# Calling All Houston Haunters



## hallorenescene (Dec 28, 2007)

hi rbc, not from houston, but good luck, i am sure you will have a fantastic turn out


----------



## RBC (Mar 4, 2008)

I Thank You so Much , I guess it would be a long way for you to come to be a cheerleader. But I'm glad you have us in your Prayers.. Thanks 
If you would still like to help The March Of Dimes you may Click my banner for my Web site, on the main page is the M.O.D. logo just make a small donations, like what ever you can afford.. I'm not asking for Huge donations every thing adds up in the end , Thanks and much Love Blinky


* Last Year we raised all that Money $5.00 at a time..


----------



## RBC (Mar 4, 2008)

Houston Haunters lets hear form You, The Date we have picked to do the Bowl-a-thon is Friday April 25th 8am at the Palace Lanes Bowling Alley on Bellaire Blvd.
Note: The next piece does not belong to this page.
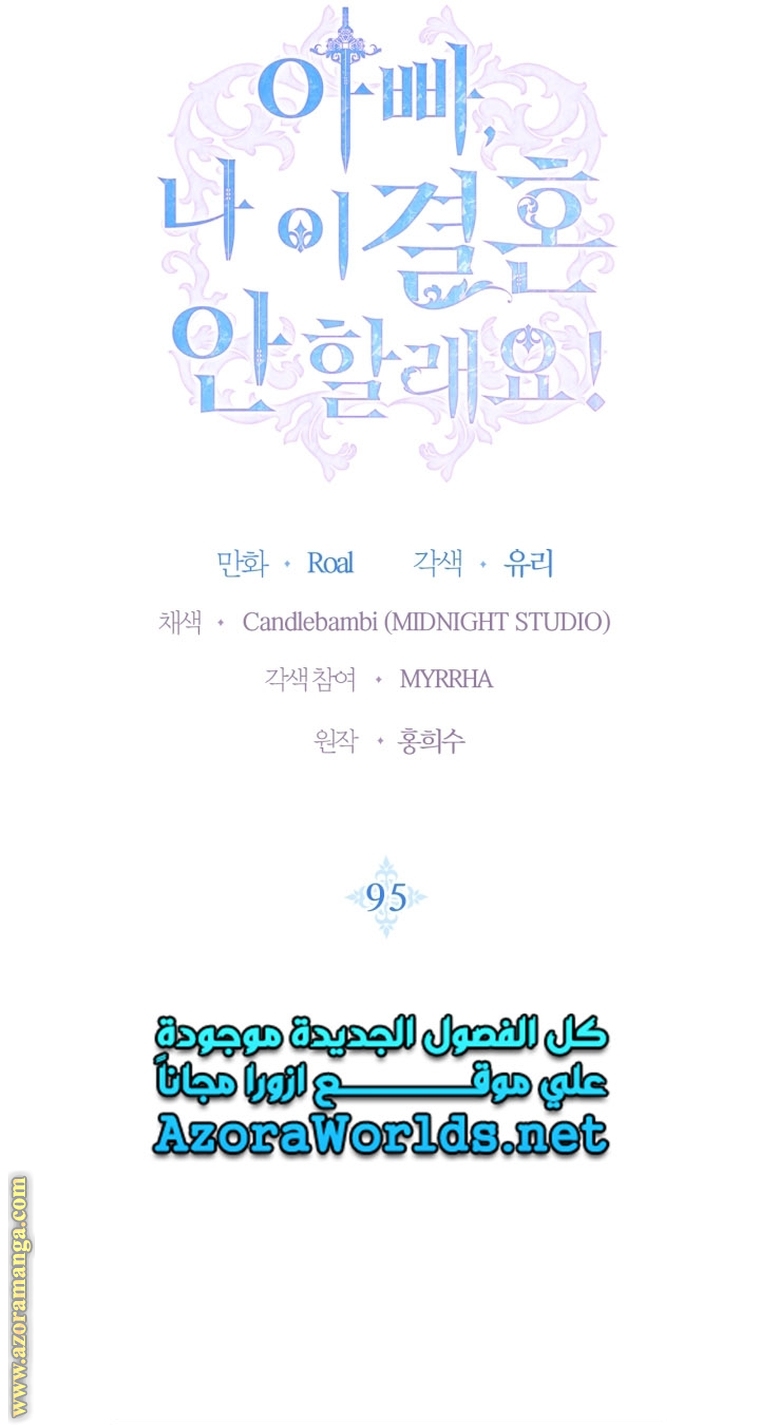 Father, I Don’t Want to Get Married! الفصل 96 يتضمن 98 صفحة كوميك في ترتيب القراءة الرئيسي. نُشر 12 يناير 2023 و آخر تحديث 12 يناير 2023.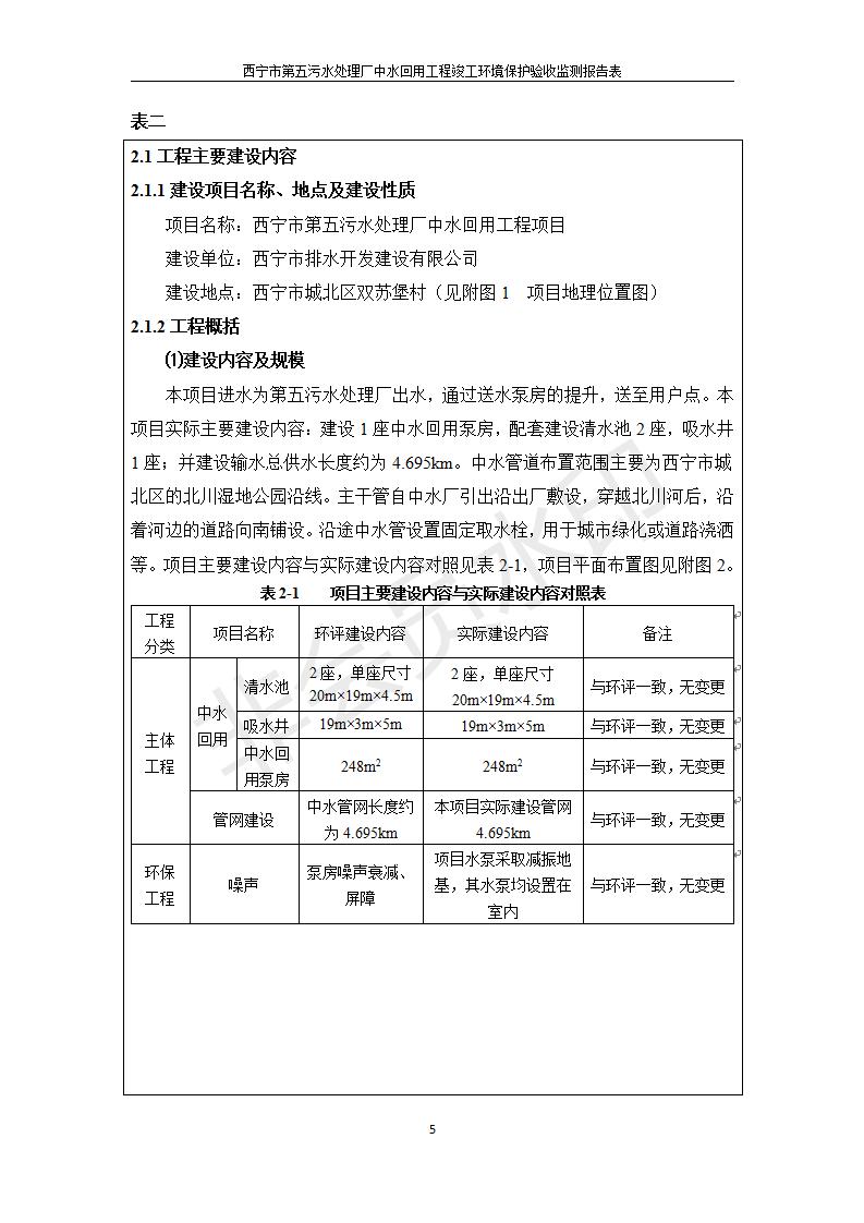 四、建設(shè)內(nèi)容:本項(xiàng)目進(jìn)水為第五污水處理廠出水,通過(guò)送水泵房的提升,送至用戶點(diǎn)。本項(xiàng)目實(shí)際主要建設(shè)內(nèi)容:建設(shè)1座中水回用泵房,配套建設(shè)清水池2座,吸水井1座;并建設(shè)輸水總供水長(zhǎng)度約為4.695km。中水管道布置范圍主要為西寧市城北區(qū)的北川濕地公園沿線。 六、聯(lián)系電 話:0971-6515411 七、公示時(shí)間:二〇一九年七月十日至二〇一九年八月六日 公示期間,對(duì)上述公示內(nèi)容如有異議,請(qǐng)以書(shū)面形式反饋,個(gè)人須署真實(shí)姓名,單位須加蓋公章。

Come on Houston lets show them we can do this ,,rah,rah and I'm cranked..


----------



## hallorenescene (Dec 28, 2007)

rbc, we just had a daffodil sale here, i believe the money goes for the march of dimes. we also have a small man made lake here that is quite nice. some guy every year sets up a bike run around it. for every lap around it people donate so much. it will be later this year because we're still into winter. and you're right, every little bit adds up. i work at a gas station, don used to come in and sit with the coffee drinkers. he asked me to save the tabs off of pop products and give to him. so many throw away their cans here. i save quite a few. he would take them right up to mcdonalds in rochester where he went for his chemo and they have a drop box. for every tab turned in the pop companies donate a nickel and mcdonalds match them. don passed away, but i kept saving, i found a guy whose church takes them up there. you don't know how many people who come through the gas station and say mcdonalds was good to them at this time.


----------



## RBC (Mar 4, 2008)

hallorenescene I'm sorry to hear about your friend it sadden me . But he earned his wings. I 'm sure his efforts will be reward to him..


----------



## RBC (Mar 4, 2008)

Thank you Evil Bob for your Donation to The March of Dimes.. Hugs Blinky


----------



## RBC (Mar 4, 2008)

Thank You Sickie For your Donation to the March of Dimes Hugs Blinky


----------